US scientists are wary of the cost and equity implications of the Biden administration’s transformative order earlier this year to make the published results of federally funded research immediately and freely available to all readers, a nationwide survey has found.
Most researchers do not currently have money to pay their own publishing costs and aren’t sure how easily they can find it, with the risks especially high for female and younger scholars, according to the survey of 422 scientists conducted by the American Association for the Advancement of Science.
The AAAS is the world’s largest multidisciplinary scientific society, and it’s also a publisher of one of the most prestigious research journals, Science. Science itself has refrained from criticising President Joe Biden’s move, though the industry’s leading trade group, the Association of American Publishers, has complained that Mr Biden announced the plan in August without thoroughly consulting affected parties.
The Biden order requires federal agencies to set up rules so that, by the end of 2025, some version of any published description of taxpayer-funded science is simultaneously made freely available to the public, followed by a prompt release of the underlying data.
That would largely override the current decade-old federal policy allowing journals to hold their published papers behind subscription paywalls for up to a year.
The Biden policy prescribes no specific method for compliance, although the AAAS survey was predicated on the widespread expectation that journals would use the model of article processing charges in which authors pay a fee to the journals to cover the cost of reviewing, editing and publishing. Biden administration officials, in announcing the new requirement, specifically noted the possible use of APCs and suggested that scientists could use money from federal research grants to cover those costs.
But the AAAS, in outlining its survey results, warned of risks from that approach. “While open access has tremendous benefits,” the AAAS said, the expected reliance on APCs “has created concerning unintended consequences”.
Among its key findings, the AAAS survey showed that about two-thirds of researchers already had paid an APC. Of those who had paid APCs and answered a question about where the money came from, 70 per cent said they used grant money. Yet among those who had paid an APC, a slight majority described the experience as difficult or very difficult, with the problem more pronounced at smaller institutions, the AAAS said.

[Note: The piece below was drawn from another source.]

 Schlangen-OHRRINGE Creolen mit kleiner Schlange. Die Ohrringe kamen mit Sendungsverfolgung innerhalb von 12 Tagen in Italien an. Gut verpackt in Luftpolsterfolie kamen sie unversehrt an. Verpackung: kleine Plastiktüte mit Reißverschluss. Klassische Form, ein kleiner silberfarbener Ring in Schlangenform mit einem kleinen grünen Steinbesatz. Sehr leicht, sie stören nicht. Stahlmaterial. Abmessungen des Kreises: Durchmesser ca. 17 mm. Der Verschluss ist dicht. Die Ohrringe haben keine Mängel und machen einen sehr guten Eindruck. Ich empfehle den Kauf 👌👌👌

Also, large majorities of the researchers using APCs made sacrifices that included foregoing purchases of materials, equipment or tools, and not attending workshops or conferences relevant to their work, the AAAS said.
Women were more than twice as likely as men not to attend workshops and conferences to afford their APCs, it said. Among 89 institutions represented in the survey by librarians and administrators, only about a third said they had money to cover APC payments by students and other authors needing it. A full 15 per cent of those researchers said they paid APCs out of their own personal funds.

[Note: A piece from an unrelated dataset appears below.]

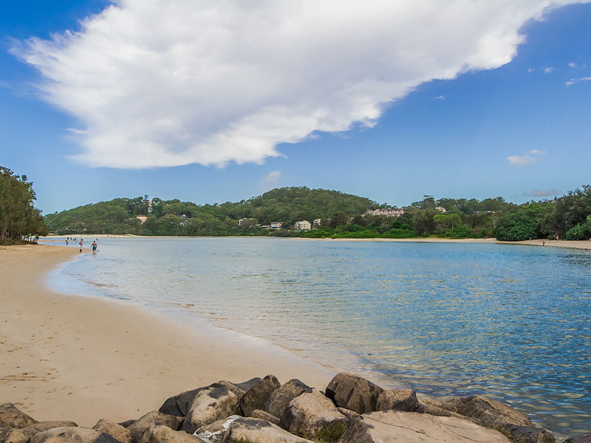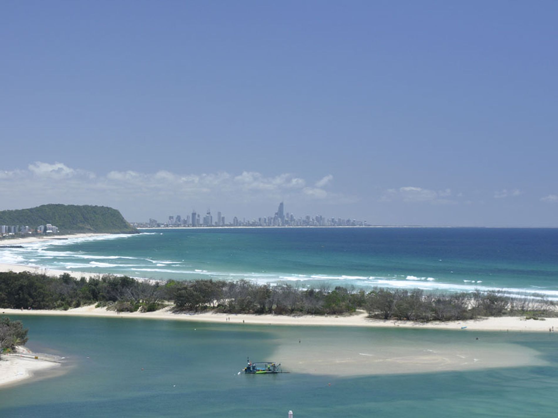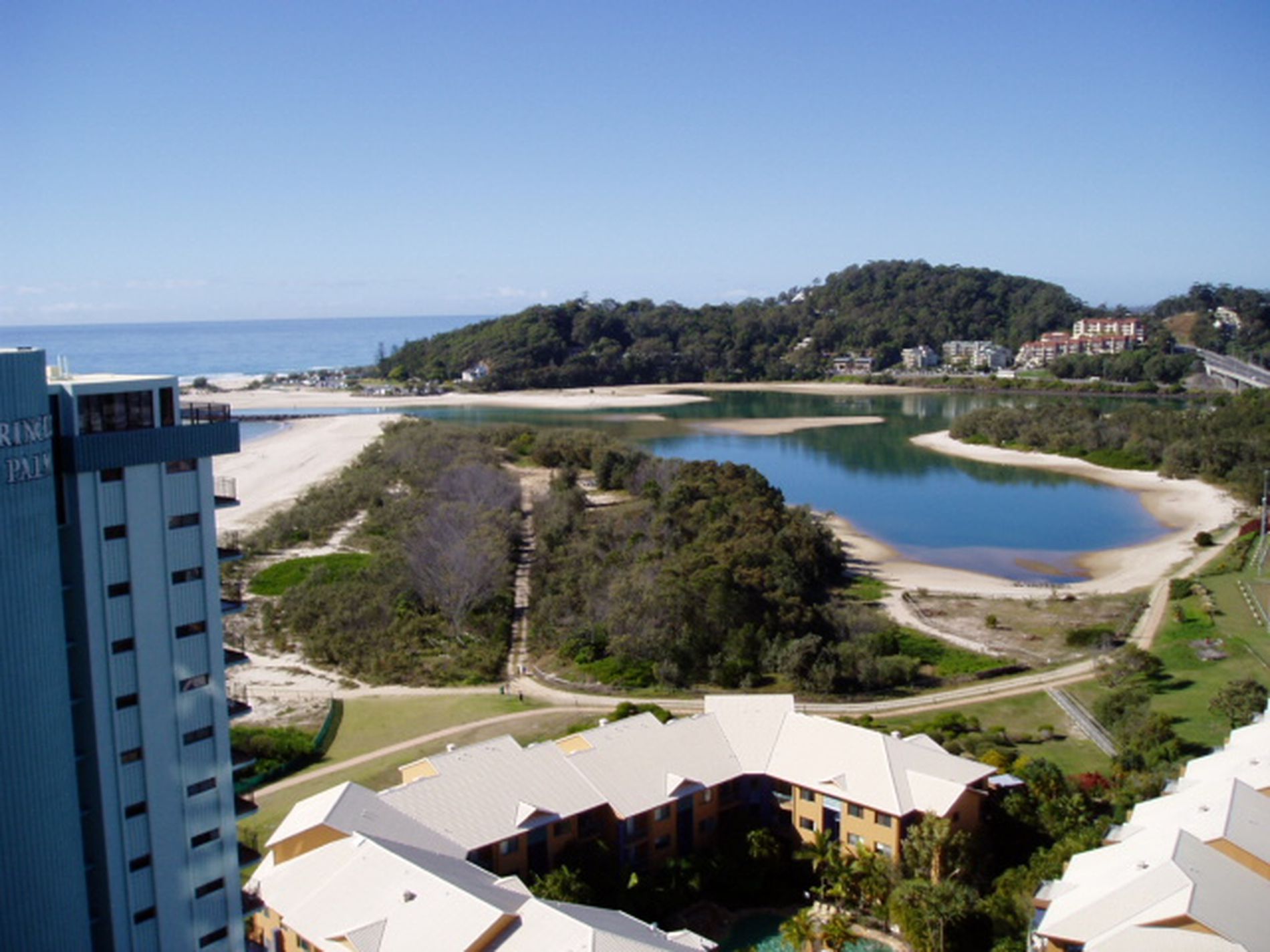 Adjaecent to the still water of Currumbin Estuary, cafe and Parkland.

Such findings potentially add to the concerns already raised by publishers that they cannot maintain their operations without subscription revenue. Academics have been particularly concerned for the fate of small non-profit scientific societies that use the revenue to finance scholarly activities.
Many others inside academia and beyond, however, have cited a fundamental inequity and harm to scientific progress from perpetuating a status quo where US taxpayers spend tens of billions a year on research but then cannot see and share the published outcomes.
The AAAS findings do point out legitimate concern with a system that complies with the Biden order by relying heavily on APCs, said Heather Joseph, executive director of the Scholarly Publishing and Academic Resources Coalition, a longstanding advocate of open access in science.
“In particular, the data shows that employment opportunities for early career folks – undergrads, grad students and postdocs – take a significant hit in favour of paying for publication,” Ms Joseph said. “That’s extremely problematic – as is the indication that women’s opportunities for professional development seem to be more adversely affected than men’s.”
A clear solution allowed under the Biden policy, she said, would be for authors to keep working with subscription-based journals if they prefer them, and to then post a copy of their paper in an online repository that’s freely accessible to all readers.
That development could end up costing traditional journals their subscribers, Ms Joseph acknowledged. But, she said, “since very few – if any – journals publish only articles resulting from US federal funding, libraries are unlikely to drop their subscriptions, particularly to journals published by non-profits that are still relatively affordable”.
“There’s a real challenge to who can pay these article processing charges,” Sudip Parikh, the chief executive of the AAAS and executive publisher of Science, told the AAAS’ annual Forum on Science & Technology Policy, where the society issued the survey findings.
Dr Parikh warned that other publishers with for-profit models have set up families of journals so that they can lure scientists into paying the APC with the hope of getting published in their top-tier journal, but then keep the APC and publish the paper in one of their smaller journals.
That system also creates an “unholy alliance with the tenure-track process”, by fuelling the incentives for scientists to publish more papers, Dr Parikh said.